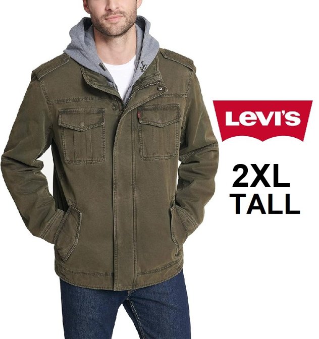 MEN'S LEVI'S WASHED COTTON HOODED MILITARY JACKET - 2XL TALL - khaki beige / grey (style: LM8TC364)
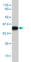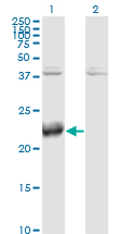 Western Blot analysis of ATF3 expression in transfected 293T cell line by ATF3 monoclonal antibody (M04), clone 8G5.Lane 1: ATF3 transfected lysate(20.6 KDa).Lane 2: Non-transfected lysate. |
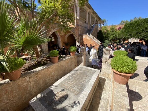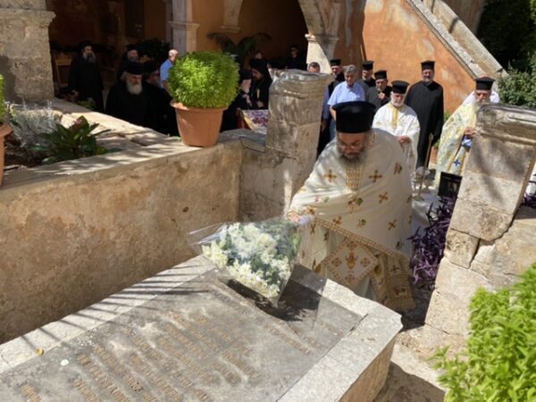 Νωρίτερα τελέσθηκε τρισάγιο στο μνήμα του μακαριστού αοίδιμου Επισκόπου Κισάμου και Σελίνου Γεράσιμο Στρατηγάκη στον οποίο ήταν αφιερωμένη η φετινή επέτειος και για τον οποίο ομίλησε ο Καθηγητής κ. Ευάγγελος Δελάκης.
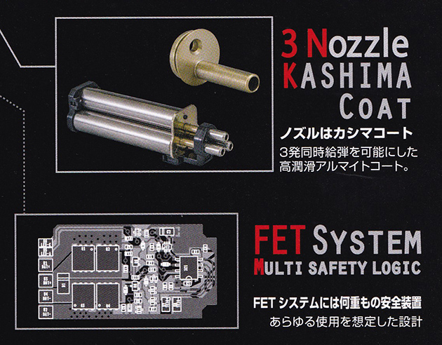 3シリンダー構造に、ノズル部には二硫化モリブデン配合・自己潤滑アルマイトの"カシマコート"を採用。マルイ初採用となる電子スイッチ、FETシステムには何重もの安全装置が組み込まれているようだ。また3発それぞれが調節可能な可変ホップアップシステムも搭載。
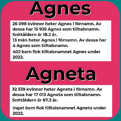 NAMNSDAG: Agnes och Agneta.
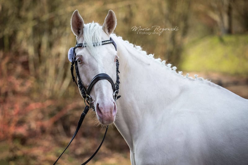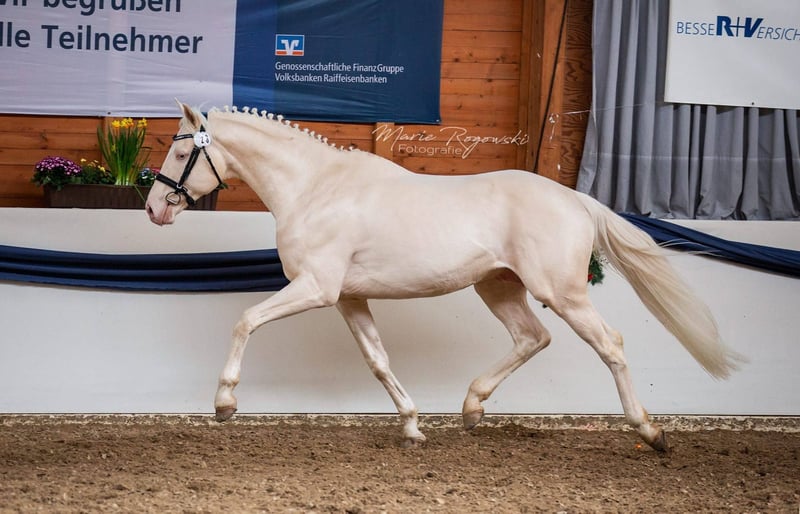 Warmblood stallion in Cremello (double dilute) | born 2010 | 169 cm AES, ZSAA (German Edelblut), Royal Belgian Palomino, licensed Approved for KWPN-A, Zangersheide, IFCE, ISR/Oldenburg N.A. 70-day stallion performance test Neustadt/Dosse + HLP-Sport Marbach Genetics: e/e A/a Cr/Cr ECVM: no findings (2022, international research programme) WFFS, CA, SCID: free Alasdair GF enjoyed many years of sporting success and was placed in cross-country competitions up to class L. In 2015, he was the youngest horse to take 9th place in the ZfDP TOP TEN eventing horses. He has produced colourful, athletically talented offspring worldwide – both in warmblood breeding and in partbred projects. Bred by Gestüt Falkenhorst (Gwendolyn Gregorio), Alasdair comes from a traditional colour and refiner line. His sire, RFF The Alchemist xx, was imported from the USA (Red Fox Farm) and was one of the first double lightened thoroughbreds with Trakehner approval in Germany. Alasdair is performance-tested, strong in character and clear in type. He consistently produces modern, strong-moving foals with substance, conformation and colour – 100% lightening with the appropriate gene combination. As a cremello, he always passes on a cream gene. Due to his genetic background, he is suitable for both classic warmblood mares and projects with breeding goals.
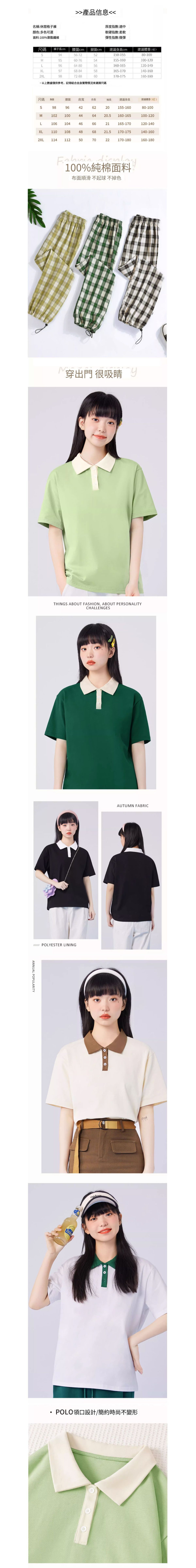 polo領短袖t恤兩件套【奶白色(五瓣花)+黑白褲】【S-2XL碼】(下單後請聯絡客服確認發貨尺碼)
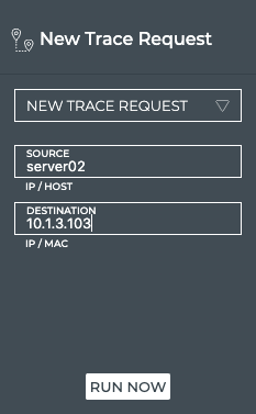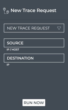 | New Trace Request | Create a new layer 3 trace request. Use the large Trace Request card to create a new layer 2 or 3 request. |
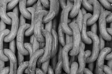 A closeup of big heavy iron chain of anchor
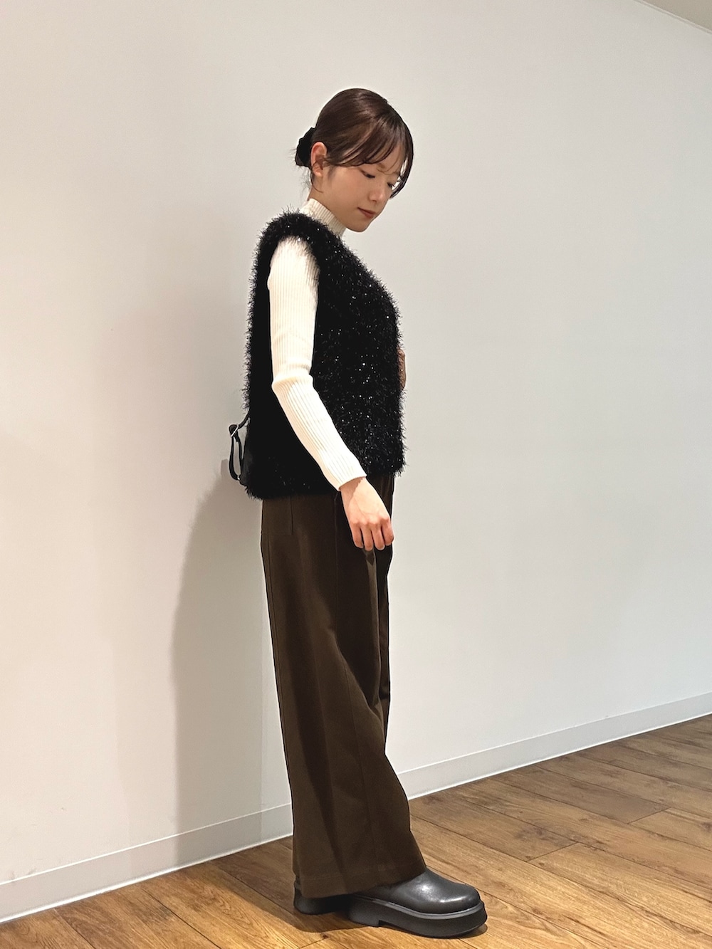 大人気のモールフェザーニットベストを使ってワントーンコーデに^^
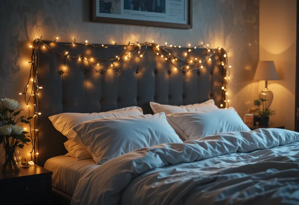 String lights add a soft glow without overpowering the room. They frame the bed beautifully and create a dreamy effect. This is an easy DIY option that fits any budget. At $15–$40, it’s cheap.
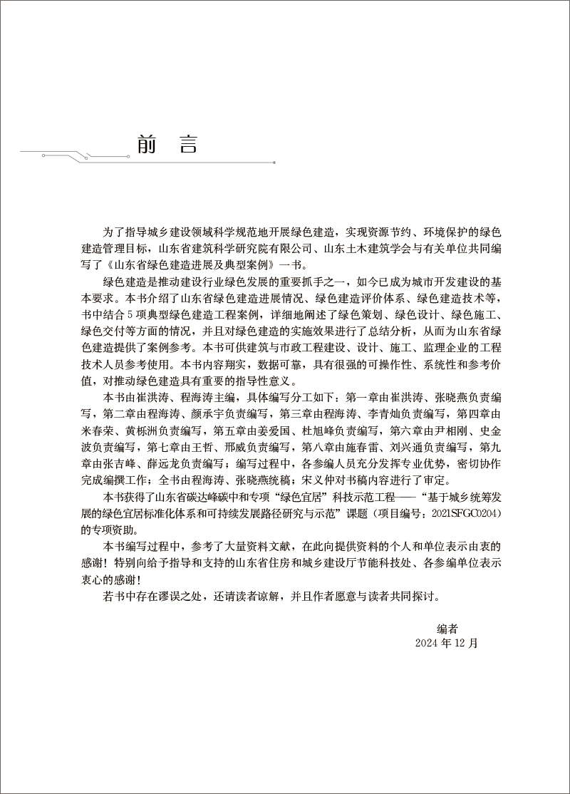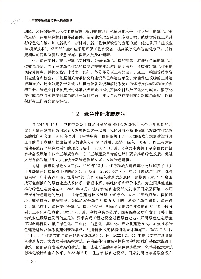 绿色施工、绿色交付等方面的情况,并且对绿色建造的实施效果进行了总结分析,从而为山东省绿色建造提供了案例参考。本书可供建筑与市政工程建设、
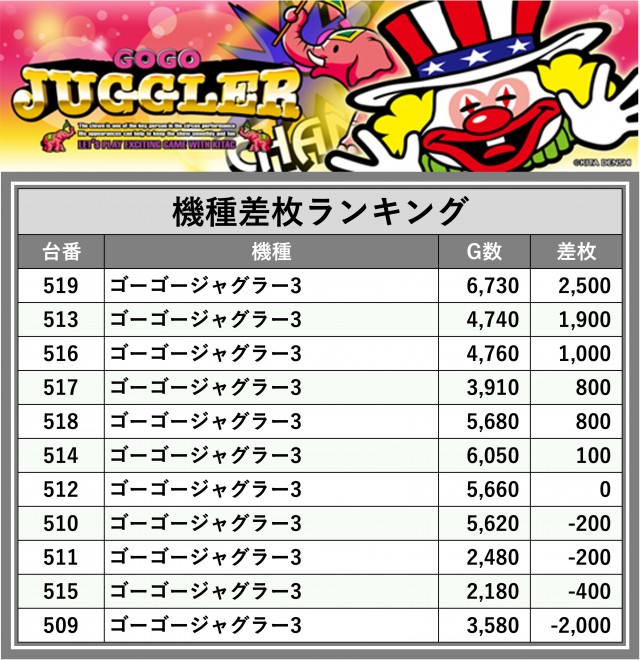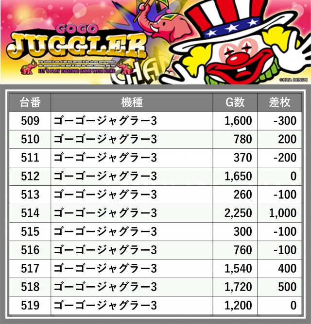 厳選された取材対象機種をはじめ、その他スロット全体から好記録が飛び出した!プレイヤーが楽しんだ1日を下記データにて振り返ってみて欲しい。
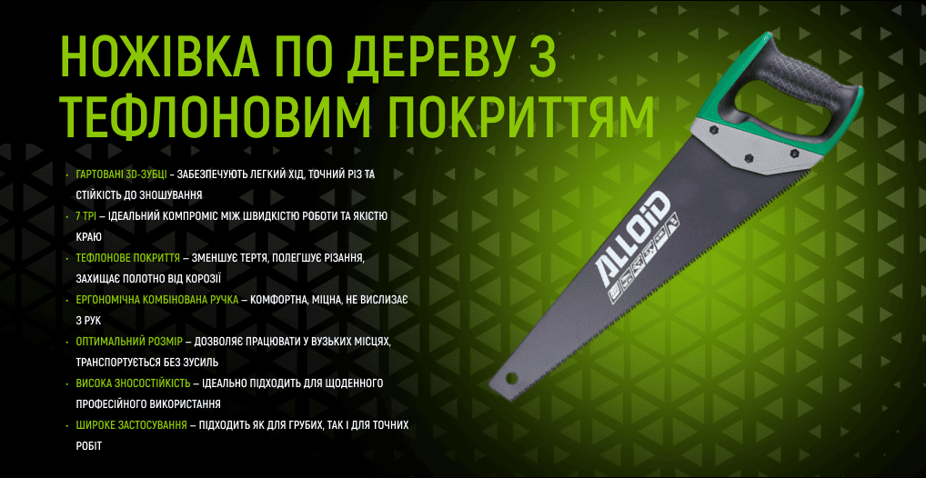 Ножівка Alloid 400 мм — це поєднання компактності, ергономіки та високої продуктивності. Завдяки загартованим 3D зубцям, антикорозійному тефлоновому покриттю та зручній комбінованій ручці, інструмент призначений для точного, чистого і комфортного різання деревини та подібних матеріалів. Підходить як для професійного використання у будівництві, так і для побутових задач у домашніх умовах або на дачі.
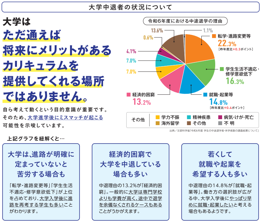 第三に、若い世代の価値観が大きく変化していることも見逃せません。中退者のうち14.8%が、早期の就職や起業を理由に中退しており、大学での理論中心の学びよりも、より早く実社会で通用するスキルを身につけたいと考える傾向が強まっています。
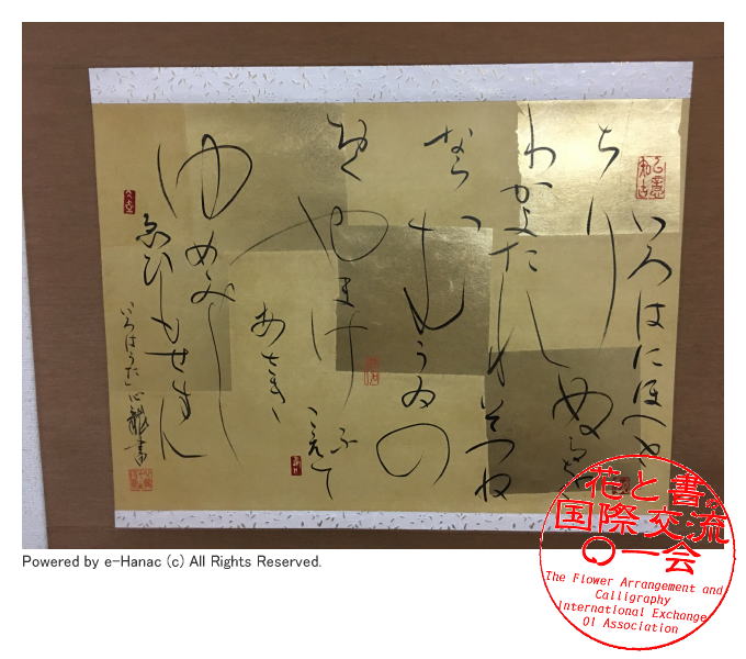 心龍のひらがなの書「いろはうた」の装丁した掛け軸2幅は、漢字作品2幅と並んで金磊美術館に展示されました。金箔の半紙のものと、白の半紙の「いろはうた」です。
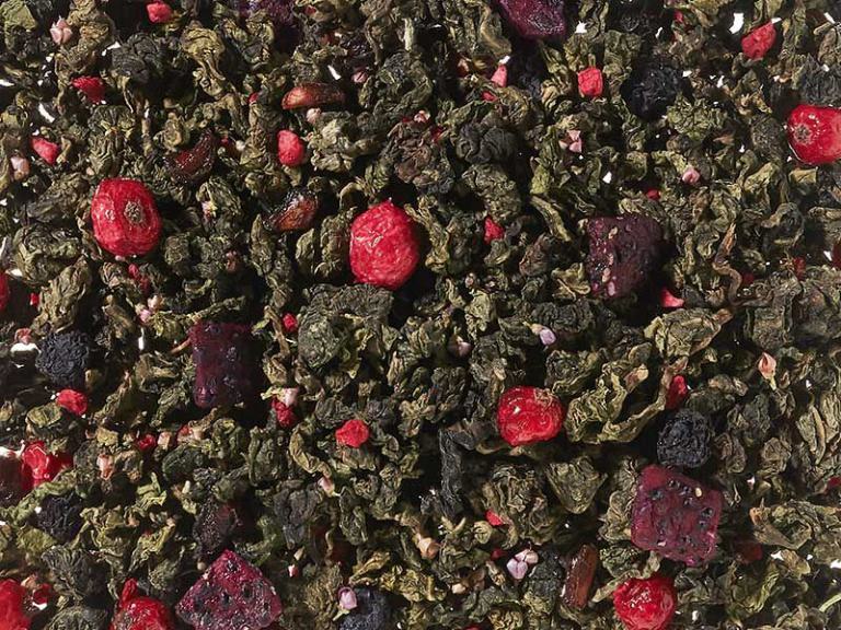 Zutaten: Halbfermentierter Tee (80%) (Ti Kuan Ying Oolong) , lila Drachenfruchtwürfel, Aroniabeeren, natürliches Aroma, Granatapfelkerne, gefr.-getr. rote Johannisbeeren, Heidekrautblüten, gefr.-getr. Himbeerstücke.

┄┄┄┄┄┄

Task to complete –
Leaving out all pictures, repeat word for word the lines from the one containing "第三に、若い世代の価値観が大" through the final line of the material above.

Final answer –
 第三に、若い世代の価値観が大きく変化していることも見逃せません。中退者のうち14.8%が、早期の就職や起業を理由に中退しており、大学での理論中心の学びよりも、より早く実社会で通用するスキルを身につけたいと考える傾向が強まっています。
 心龍のひらがなの書「いろはうた」の装丁した掛け軸2幅は、漢字作品2幅と並んで金磊美術館に展示されました。金箔の半紙のものと、白の半紙の「いろはうた」です。
 Zutaten: Halbfermentierter Tee (80%) (Ti Kuan Ying Oolong) , lila Drachenfruchtwürfel, Aroniabeeren, natürliches Aroma, Granatapfelkerne, gefr.-getr. rote Johannisbeeren, Heidekrautblüten, gefr.-getr. Himbeerstücke.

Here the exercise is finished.